# BBC's The Sky At Night



## mosaix (Jun 22, 2012)

http://www.bbc.co.uk/programmes/b006mk7h

This program has been running for 54 years (since 1957 - the year that Sputnik 1 orbited the Earth for the first time!) on BBC television. It has always been of the highest quality. 

Patrick Moore, its presenter, is a fascinating character but he's getting on a bit now (born in 1923) and he obviously can't carry on for ever - more's the pity. Frankly I just can't imagine anyone replacing him.  

A lot of the episodes are available for viewing on-line, the first from November 1970 where Patrick talks to Neil Armstrong.


----------



## Dave (Jun 22, 2012)

I believe it is the longest running TV programme in the world (though it is only on once a month.)

Patrick Moore is a fascinating character. Is there anyone else on TV who wears a monocle?

He missed going to University due to the Second World War and was a Navigator in the RAF, after lying about his age. His fiancée was killed during the war and he never married or had children. Despite his lack of a Degree, he knew more as an amateur about the Moon than anyone else, and NASA employed him for his map-making.

He is an expert player of the Xylophone. And something I never realised until I joined Chronicles (by Ray Gower if he is still around) was that he also wrote science fiction. 

And also claims he is the only living person to have met both Orville Wright and Neil Armstrong.

However, I saw the recent anniversary edition of The Sky at Night with Brian May and Brian Cox, and Patrick certainly looked his age physically if not mentally.


----------



## Vertigo (Jun 23, 2012)

I just love this programme and Patrick Moore is just awsome. I'm not a regular viewer but whenever I see it on, I generally watch it.
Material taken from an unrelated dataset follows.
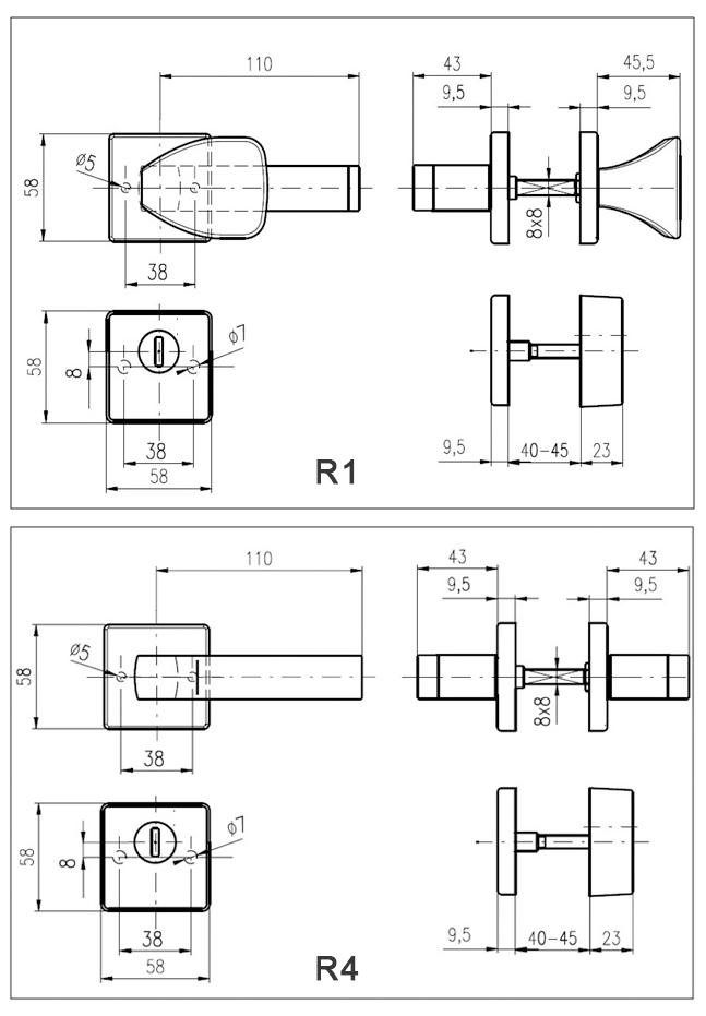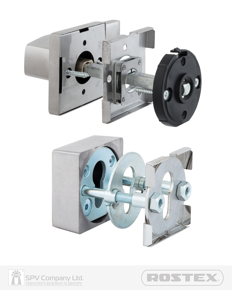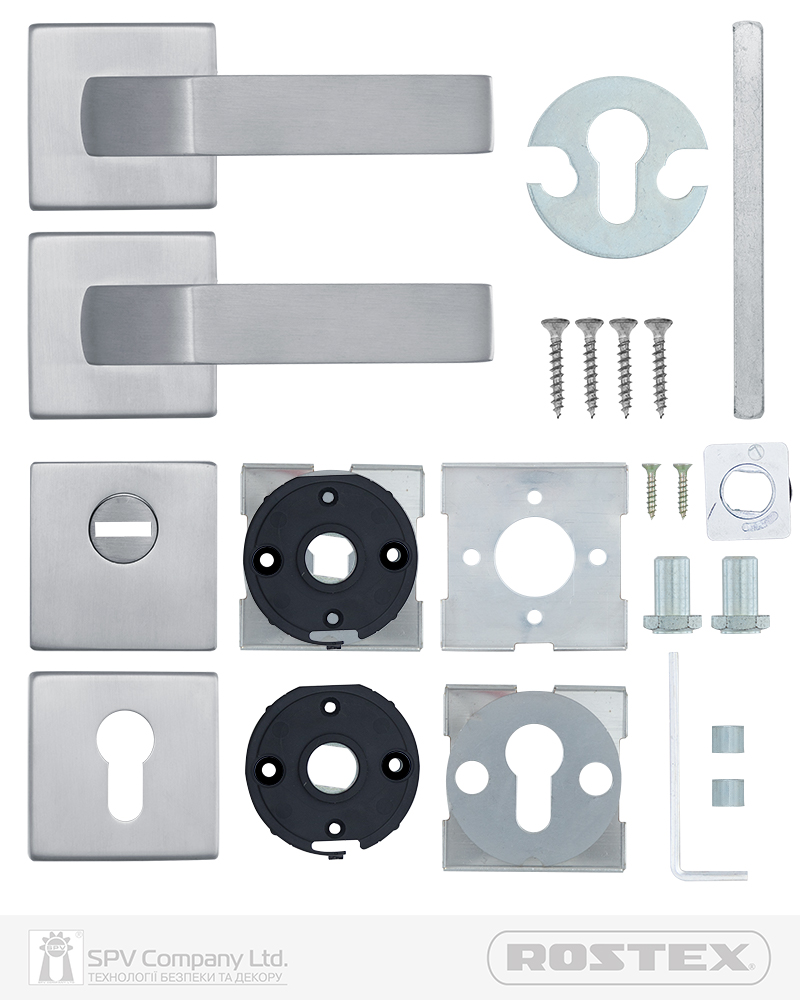Фурнітура захисна ROSTEX R4/H QUADRUM до основних замків для вхідних металевих та деревяних дверей товщиною 38-45мм з можливістю подовження до 100мм (комплекти подовження замовляються окремо). З-й клас безпеки. Матеріал: нержавіюча сталь. Загартований протектор циліндра із захистом від висвердлювання. Кріплення - болти М7.

And it's the same age as me!


----------



## Anathem (Jul 3, 2012)

Wow, that show looks awesome! Wish we had something like that over here in the US.


----------



## AE35Unit (Sep 28, 2012)

Used to watch it religiously when I could remember what Sunday it was on! I even signed up to receive the monthly newsletters pre-internet days! Then I joined the forum, which has sadly been hacked and now almost non existant (a common fate with BBC Forums it seems!)

Great show, great man, we are not worthy! Recently an episode had both John Coleslaw (sic) and Brian May out in the garden with Sir Patrick! Great stuff!


----------